Tightly secure cryptographic schemes have been extensively studied in the fields of chosen-ciphertext secure public-key encryption, identity-based encryption, signatures and more. We extend tightly secure cryptography to inner product functional encryption (IPFE) and present the first tightly secure schemes related to IPFE.

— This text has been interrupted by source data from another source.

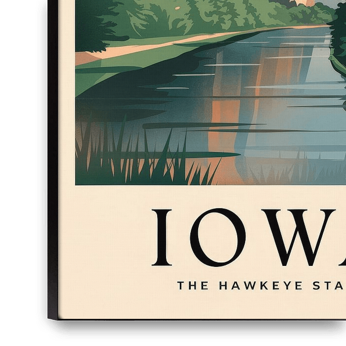 Buy this landscape artwork Iowa Vintage Travel Poster by Poster Art Shop on canvas, ArtFrame, poster and wallpaper, printed on demand in high quality.
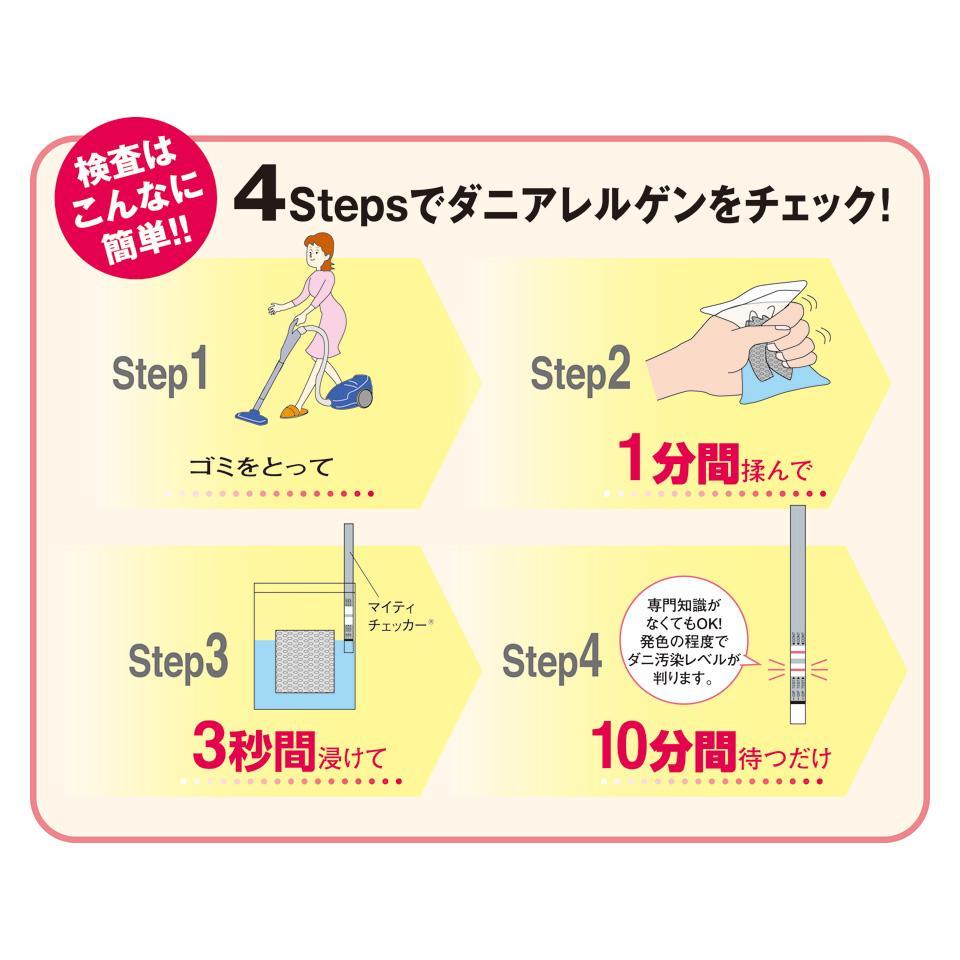 セット内容①マイティチェッカー……5本②ゴミ取り袋………………5枚③チャック付ビニール袋…5枚④抽出液………………………5本⑤取扱説明書(判定用色見本)…1枚
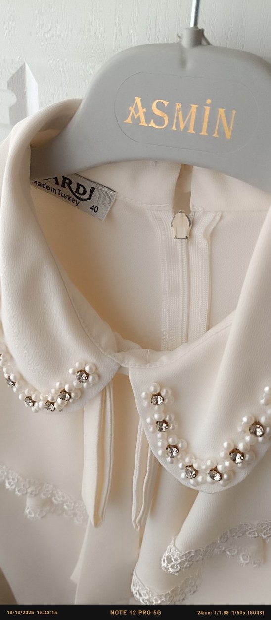 İnci ve boncuk işlemeli yakasıyla krem, fitted kesim kadın gömlek. İpeksi kumaştan, uzun kollu ve düğmeli, modern klasik Paris tarzı, ofis için uygun. ✨2 defa giyildi tertemiz deforme yok

We first construct a new IPFE scheme that is tightly secure in the multi-user and multi-challenge setting. In other words, the security of our scheme does not degrade even if an adversary obtains many ciphertexts generated by many users. Our scheme is constructible on a pairing-free group and secure under the matrix decisional Diffie-Hellman (MDDH) assumption, which is the generalization of the decisional Diffie-Hellman (DDH) assumption. Applying the known conversions by Lin (CRYPTO 2017) and Abdalla et al. (CRYPTO 2018) to our scheme, we can obtain the first tightly secure function-hiding IPFE scheme and multi-input IPFE (MIPFE) scheme respectively.

Our second main contribution is the proposal of a new generic conversion from function-hiding IPFE to function-hiding MIPFE, which was left as an open problem by Abdalla et al. (CRYPTO 2018). We obtain the first tightly secure function-hiding MIPFE scheme by applying our conversion to the tightly secure function-hiding IPFE scheme described above.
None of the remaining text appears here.